2- Les sanctions encourues par le comptable de fait.
a)- Les amendes.
Outre la sanction financière que peut constituer le débet, le juge des comptes
peut prononcer des amendes pour retard dans la production des comptes et ou pour
sanctionner la gestion de fait elle –même, c’est-à- dire l’immixtion dans les fonctions
dévolues à un comptable public. Le montant des amendes pour gestion de fait est
variable, la juridiction financière tenant compte de l’importance et de la durée des
opérations irrégulières, du préjudice subi par l’organisme public, et d’éventuelles
circonstances atténuantes ou aggravantes. La Cour des comptes rend tout d’abord un
arrêt provisoire fixant le montant de l’amende pour gestion de fait, puis après
explication et justification de l’intéressé (ou des intéressés), rend un arrêt définitif sur
le montant de l’amende, qui peut être réduit par rapport au montant initialement fixé.

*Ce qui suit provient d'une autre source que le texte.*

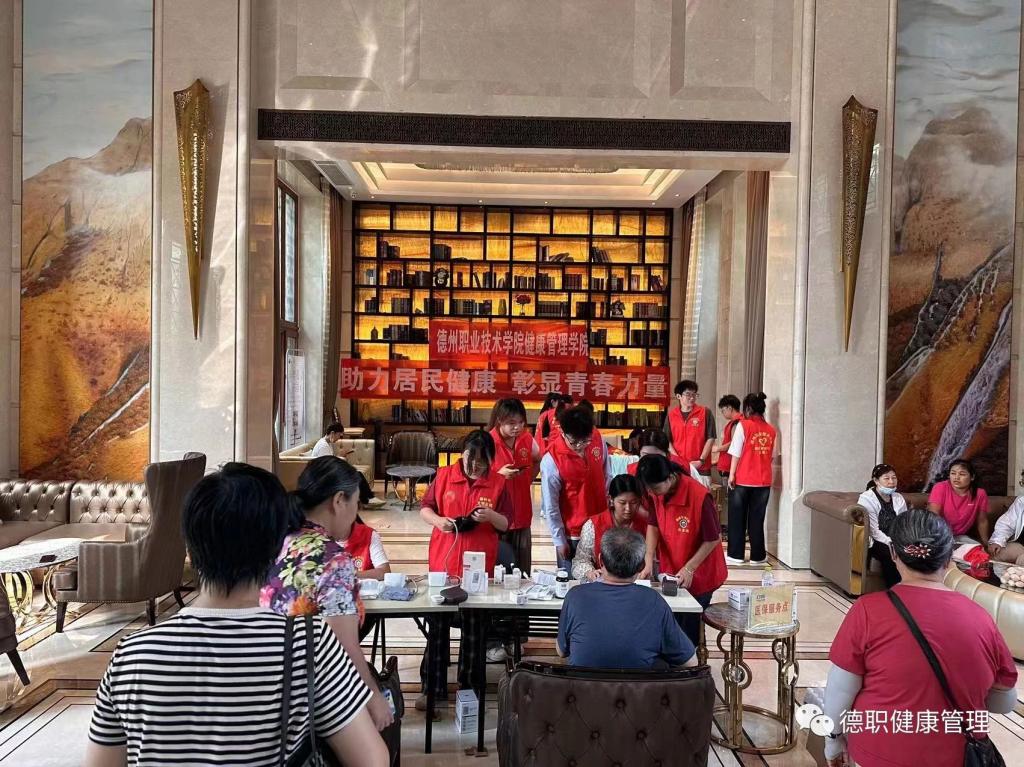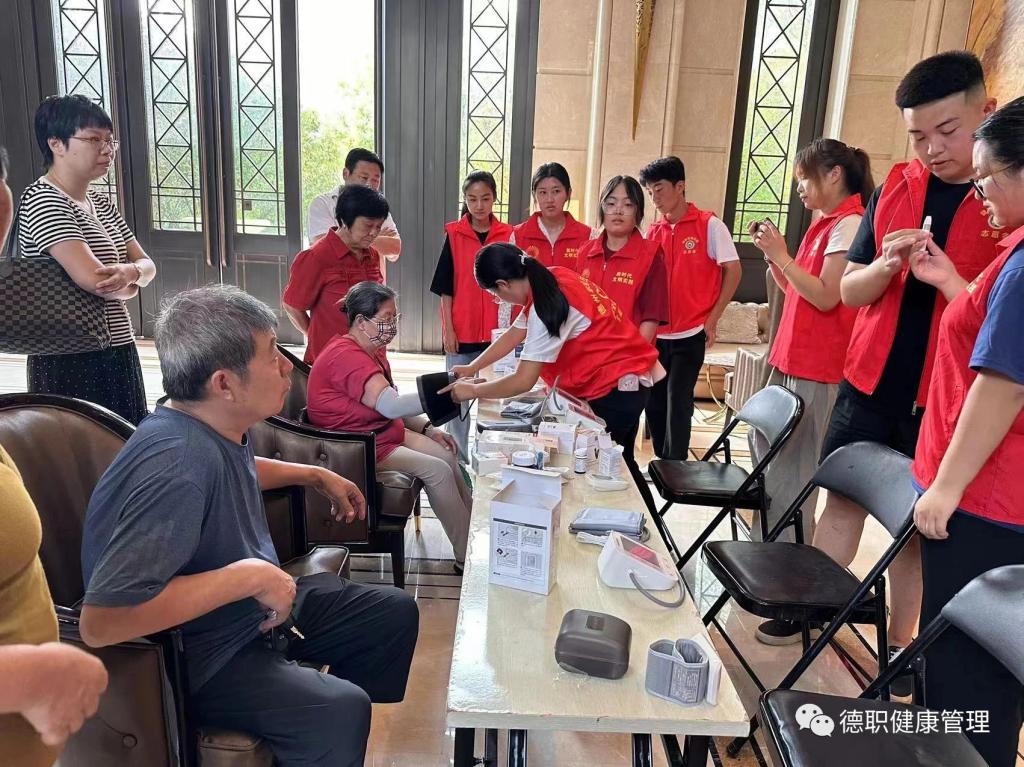 活动现场中,德馨社区的居民闻声纷纷赶来测量,beat365官网志愿者们耐心地为其逐个测量血压、血糖、血氧,了解其身体健康状况。测完后,志愿者们根据居民的血压等情况,向血压偏高的居民提出了指导建议,并提醒居民们注意健康饮食,发现头晕不适等症状的要及时到医院就医。在为居民测量血压、血糖的同时,志愿者还向居民科普健康知识,提高老年人对于高血压、高血糖等疾病的预防意识,引导老年人养成健康的生活习惯。

Comme les débets, les amendes prononcées par la cour sont recouvrées par la
trésorerie générale des créances spéciales du trésor.
S’agissant des fonctionnaires ou agents publics comptables de fait, les
différentes sanctions pouvant leur être applicables peuvent être parallèlement assorties
de sanctions disciplinaires prises par l’autorité hiérarchique selon les procédures en
vigueur dans la fonction publique. Il faut enfin souligner que dans certains cas, une
déclaration de gestion de fait peut entraîner des sanctions politiques.